Le président tchadien Idriss Deby Itno a tendu lundi une branche d'olivier à son homologue soudanais Omar el-Béchir lors de sa première visite au Soudan depuis six ans, signe d'apaisement entre les deux voisins qui se livrent une guerre par groupes rebelles interposés.

Le président tchadien est arrivé lundi en fin de matinée à l'aéroport de Khartoum, où il a été accueilli par son homologue soudanais, des ministres et le gotha diplomatique de la capitale soudanaise.

MM. Deby et Béchir ont ensuite tenu des discussions dans le centre des congrès, au coeur de la capitale soudanaise sur la rive orientale du Nil.

«Nous sommes venus ici comme une colombe... nous sommes venus pour marquer notre volonté, notre disponibilité, notre engagement à faire en sorte que la paix, la quiétude, la confiance reviennent» entre nos deux pays, a déclaré au début des discussions le président tchadien qui s'exprimait en français.

«Nous sommes venus pour repartir avec la paix», a ajouté M. Deby qui effectue sa première visite au Soudan depuis juillet 2004, alors à El-Geneina, capitale du Darfour-Ouest jouxtant la frontière tchadienne.

Le Tchad et le Soudan entretiennent des relations chaotiques depuis cinq ans et s'accusent de soutenir des rébellions hostiles à leur pouvoir. Les deux voisins ont signé mi-janvier à N'Djamena un «accord de normalisation» assorti d'un «protocole de sécurisation des frontières».

«Nous nous engageons à mettre en oeuvre tous les accords qui ont été signés entre nos deux pays», a assuré le président Béchir.

En vertu de l'accord, le Tchad et le Soudan s'engagent à cesser tout soutien à leurs mouvements rebelles respectifs. L'accord prévoit aussi le déploiement d'une force mixte à la frontière tchado-soudanaise composée de 3 000 hommes, à parts égales.

«Nous voulons retourner à de meilleures relations», a affirmé M. Béchir, soulignant que le déploiement d'une force mixte aurait un «impact important» sur la sécurité à la frontière et pour la population du Darfour.

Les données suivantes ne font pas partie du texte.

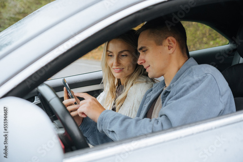 A young couple on a road trip looking at a map on their phone in a navigator.

Différentes tentatives pour réconcilier les deux pays étaient jusque-là restées lettre morte, notamment le pacte de non-agression, baptisé «accord de Dakar», signé en mars 2008 dans la capitale sénégalaise.

Cet accord avait volé en éclats quelques mois plus tard lorsque les rebelles darfouris du Mouvement pour la justice et l'égalité (JEM) avaient mené une attaque sans précédent sur la banlieue de Khartoum. La rébellion tchadienne avait ensuite mené une offensive jusqu'à N'Djamena.

«Cette fois-ci, ça a l'air sérieux», a souligné à l'AFP un diplomate sous le couvert de l'anonymat. «Les deux pays en ont besoin en ce moment. Le Tchad se dirige vers des élections législatives en novembre et une présidentielle en avril 2011, alors que des élections sont prévues en avril au Soudan, puis un référendum en janvier 2011», sur la sécession du Sud-Soudan, a-t-il noté.

Selon des observateurs, la normalisation des relations entre Khartoum et N'Djamena priverait les rebelles darfouris d'un de leurs importants soutiens et pourrait faciliter un accord entre la rébellion du Darfour et le gouvernement soudanais, qui doivent prochainement entamer des pourparlers directs au Qatar.

«Cette visite (d'Idriss Deby) aura définitivement un impact positif sur les pourparlers de Doha», a assuré le chef de la diplomatie soudanaise, Deng Alor. Le président soudanais a salué les «efforts positifs» d'Idriss Deby pour soutenir le processus de paix de Doha qui cherche à mettre fin au conflit du Darfour à l'origine de 300 000 morts selon les estimations de l'ONU - 10000 d'après Khartoum - et 2,7 millions de déplacés.